The Rabbi in the Attic: and Other Stories

by Eileen Pollack

About the Book
The Rabbi in the Attic: and Other Stories

In an age of minimalists, Eileen Pollack is a writer of rare generosity. The women and men in The Rabbi in the Attic are complex, vivid people to whom something happens. Their stories take place in small towns in the Catskills, a laboratory of mutant mice in nowhere Tennessee, the backwoods of New Hampshire, the “City of Five Smells” in America’s heartland—worlds rendered with such love and intensity that the simplest objects seem magical. Many of the narrators look back on their pasts. But don’t expect to be lulled by nostalgia. Expect to laugh. To be jolted. And to be moved.

Like most of us, these characters are struggling to understand what they have gained and lost by abandoning the passions and moral certainties of youth. As the narrator of the first story discovers when “barbarian” rock fans invade her town, it can be terrifying to be knocked from the “tiny fixed orbit” of conventional life. But if a person can stretch her imagination far enough, she might also be able to glimpse an “elsewhere” beyond the boundaries of ordinary human limitations.

This battle between the real and ideal is taken to mythic heights in the title novella, in which a novice rabbi must try to evict her Orthodox predecessor from the house provided by her prickly congregation. Only when she tempers her enthusiasm for the new ways with compassion for those who follow the old ways can Rabbi Bloomgarten begin to care for their souls.

Eileen Pollack writes from a Jewish point of view, but her subject is the search for principles that we must all undertake in a world in which religious truths are no longer handed down from parent to child.

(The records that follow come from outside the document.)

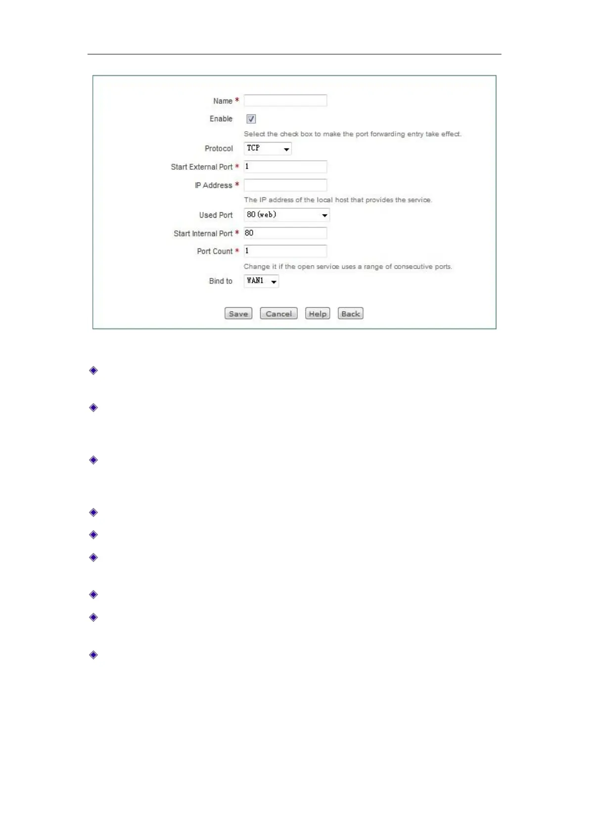 Protocol: The protocol type of packets, the available options are: TCP, UDP and TCP/UDP.
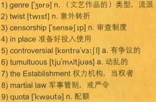 The South Korean film industry really took off after democratic elections in 1987.The following year, with a new constitution, the strict 3)censorship, that had been 4)in place since the war, began to ease. South Korean directors now had the opportunity to explore other 5)controversial subjects from the country’s 6)tumultuous history. With this new-found freedom, filmmakers started to question the authority of 7)the Establishment, including police and justice under 8)martial law.
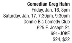 THEATER & COMEDY | Corporate clog turned comedy cash cow The outrageous, fun and ridiculous Greg Hahn draws comedic inspiration from his varied life experiences. Lucky for his audiences, Greg’s life is fascinating. Hailing from South Florida, Greg served as a captain in the Marine Corps and worked as a buyer for Lockheed Corporation before deciding to forgo the corporate world for the entertainment world. After a string of hilarious odd jobs such as emceeing a theme park lumberjack show and working as stunt man at Florida’s Universal Studios, Greg relocated to New York City where he became the touring comedy headliner he is today. Greg is a favorite of the “Bob and Tom Show” and has also appeared on many other popular shows such as “Late Night with Conan O’Brien,” “Louis CK’s Pulp Comics” and “Star Search.” For this weekend only, you’ll have three chances to catch Greg’s one-of-a-kind, uproarious show. Tickets are available for $24 or $22 by calling Donnie B’s Comedy Club at 691-JOKE. See also
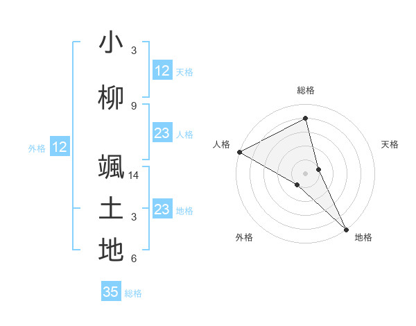 小柳 颯土地さんの総格は35画の4点!
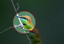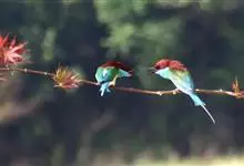 栗喉蜂虎是蜂虎科蜂虎属的鸟类。有热带鸟类羽毛艳丽的特征:喉部是栗红色的,黑色的过眼纹,翅膀和背部是绿色的,尾翼是蓝色的,飞行时翅膀下面的羽毛是橙黄色的,在阳光的照射下,它们全身闪烁着金属般的艳丽光泽,…全部>>
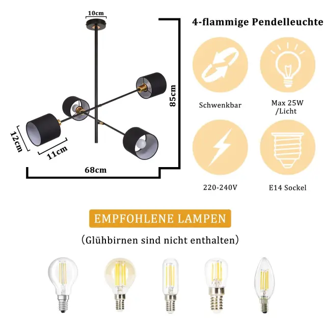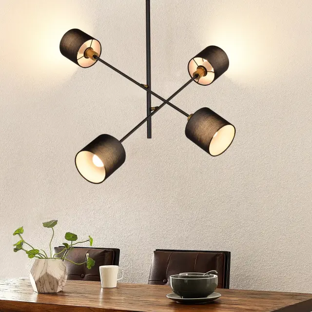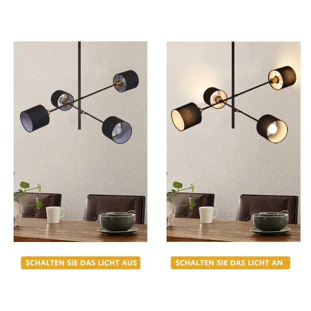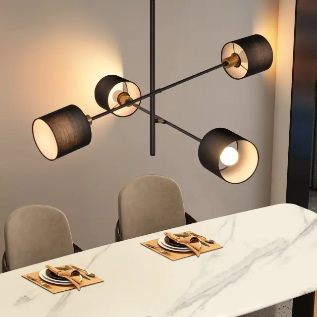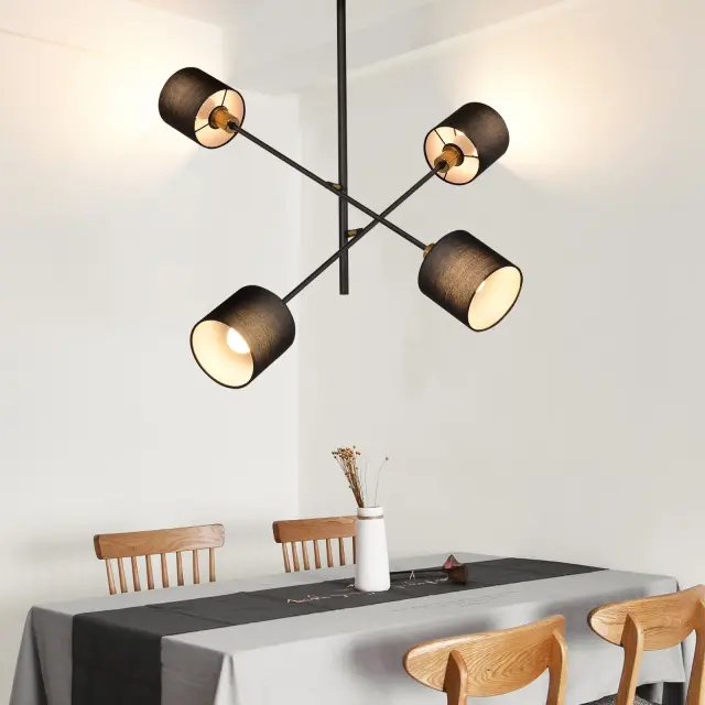NETTLIFE Črna Kovinska Viseča Svetilka E14 Max. 25W Diam. 85 cm 4 Žarnice Senčilo Dnevna Soba Jedilnica Vintage Stropna Kuhinjska Svetilka
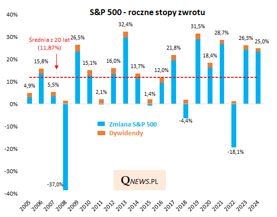 Dla akcji amerykańskich był to drugi z rzędu niezwykle udany rok. Indeks S&P 500 urósł o 23,3 proc., zaś po dodaniu dywidend całkowita stopa zwrotu (Total Return) wyniosła 25,0 proc. To wynik niemal dorównujący temu z 2023.
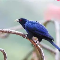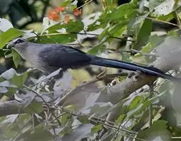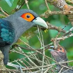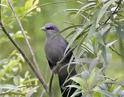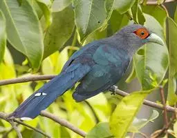 绿嘴地鹃:体形似小鸦鹃,但羽色大致绿灰;嘴绿色,头侧眼的周围有一裸区;后爪弯曲。虹膜赤红色,…
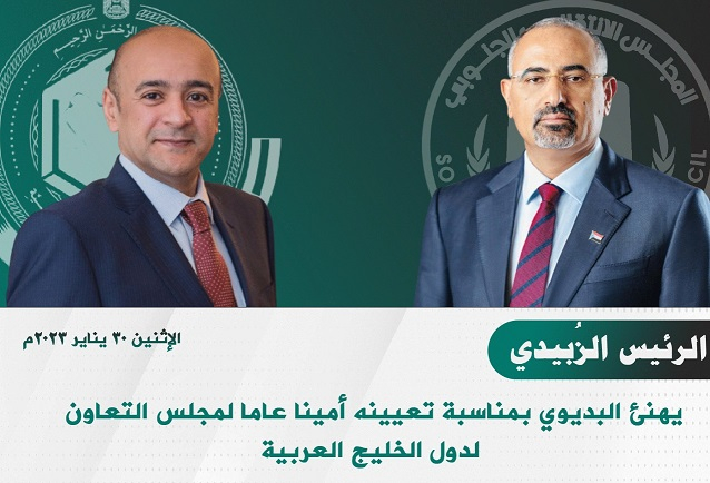 الرئيس الزُبيدي يهنئ البديوي بمناسبة تعيينه أمينا عاما لمجلس التعاون لدول الخليج العربية الرئيس الزُبيدي يهنئ البديوي بمناسبة تعيينه أمينا عاما لمجلس التعاون لدول الخليج العربية
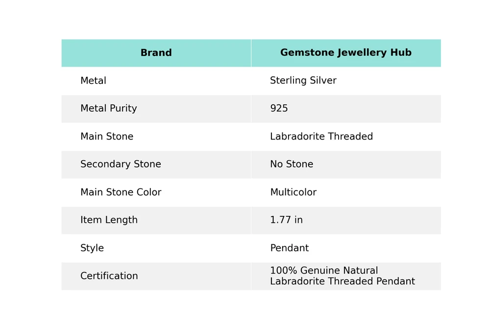 Welcome to Gemstone Treasure Hub Labradorite Threaded Gemstone Jewelry 925 Sterling Silver Pendant For Women Handmade Pendant, Sterling Silver Pendant, Labradorite Threaded Pendant, Handcrafted Pendant SKU : MP-821 Gemstone : Labradorite Threaded Stone Shape : As Seen In Picture Metal Purity : 925 Sterling Silver Length : 1.77 Inches Width : Inches ___________________________________________________________________ Shipping Handling - Charge - Free ( Condition apply ) Handling Time - One business day . Delivery Time - 3 to 23 Days ( Various on destination ) Postage service - (A.) India Post - Below $100 order which takes 11 to 23 days . (B.) USPS, Fedex, DHL , Aramax- Order above $100 which takes 3 to 7 days . _________________________________________________________________ Returns - 1. We provide a 100% Money Back Guarantee, excluding shipping costs, within 30 days from the date of item receipt. 2. The item must not be altered or damaged in any way shape or form. 3. Upon receiving these items your payment will be refunded. 4. Kindly reach out to us via email to obtain return instructions prior to initiating the return of merchandise. 5. Please allow up to 1 business day for all returns to receivecredit. 6. Sizing does not affect the return policy. _________________________________________________________________ Payment - We accept PayPal for Payment , should made within three days once buying or winning done , in case of late information expected . _________________________________________________________________ FAQ's - Q.(A) ARE THE ITEMS YOU ARE SELLING BRAND NEW? We exclusively offer brand-new products, refraining from the sale of pre-owned jewelry. Our entire jewelry collection is composed of 100% natural, conflict-free pieces. We do not engage in the trade of imitation or lab-grown gemstones and diamonds. Q.(B) WHAT ARE YOUR BUSINESS HOURS? Our business hours are Monday to Friday, 10:00AM to 6:00PM, excluding holidays. ________________________________________________________________ Gemstone Treasure Hub is dedicated to providing customers with exceptional handmade jewelry crafted to the highest standards of quality. We operate as both connoisseurs and manufacturers of artisanal jewelry, possessing a profound expertise in the art of elevating gemstones to perfectly align with any aesthetic preference. We are pleased to offer you the opportunity to create your own jewelry collection, adorned with authentic and exquisite natural gemstones. Our team of highly skilled artisans painstakingly crafts each individual jewelry piece, ensuring the creation of products with a unique identity that feature genuine gemstones. The jewelry articles presented on our website accurately depict the precise pieces that you will receive.

Just as one of her characters decides to become a “value assessor,” the author herself helps us to sort through the jumble of objects, ideas, and memories in our own attics. In doing so, she appeals to our minds and our hearts. Her characters teach us that imagination and empathy are our best hope if we are to understand—and perhaps transcend—the pain in our world. Her language is lyrical, rhythmic, and lush. The images in her stories—a chef’s severed hand, a plummeting air conditioner, a village sunk beneath a reservoir—will stay in your mind long after you have finished her book.

About the Author
Eileen Pollack

Eileen Pollack was born and grew up in Liberty, N.Y., the heart of the Jewish Catskills, where her grandparents owned and operated a small hotel and her father was the town dentist. A graduate of Yale University with a BS in physics, Eileen later earned an MFA from the University of Iowa, where she was awarded a Teaching-Writing Fellowship.

She is the author of a collection of short fiction, The Rabbi in the Attic And Other Stories, a novel, Paradise, New York, and a work of creative nonfiction called Woman Walking Ahead: In Search of Catherine Weldon and Sitting Bull, which won a 2003 WILLA finalist award. Eileen's essays, articles, and reviews have appeared in many periodicals; her innovative textbook and anthology, Creative Nonfiction: A Guide to Form, Content, and Style, with Readings, was published in January 2009 by Wadsworth/Cengage. A new collection of stories and novellas called In the Mouth was published in 2008 by Four Way Books and was named the winner of the 2008 Edward Lewis Wallant Award, which is presented annually to an American writer whose published creative work of fiction is considered to have significance for the American Jew, in addition to being shortlisted for the Sophie Brody Medal for Jewish literature, chosen as a finalist for the Paterson Fiction Award, and awarded a silver medal in ForeWord Magazine's 2008 Book of the Year Awards.

Eileen's second novel, Breaking and Entering, was published in January 2012 by Four Way Books and soon after was awarded the 2012 Grub Street National Book Prize and named a New York Times Editor's Choice selection; the novel follows the experiences of Louise and Richard Shapiro, who, with their young daughter, Molly, move from ulta-liberal Marin County, California, to a quaint, rural town in the Midwest, only to discover that most of their neighbors belong to the Michigan Militia.

Eileen has received fellowships from the National Endowment for the Arts, the Michener Foundation, the Rona Jaffe Foundation, and the Massachusetts Arts Council. Her stories have appeared in journals such as Ploughshares, Prairie Schooner, Michigan Quarterly Review, SubTropics, Agni, and New England Review. Her novella "The Bris" was chosen to appear in the Best American Short Stories 2007 anthology, edited by Stephen King, while her stories have been awarded two Pushcart Prizes, the Cohen Award for best fiction of the year from Ploughshares, and similar awards from Literary Review and MQR. She lives in Ann Arbor and is a member of the faculty of the MFA Program in Creative Writing at the University of Michigan.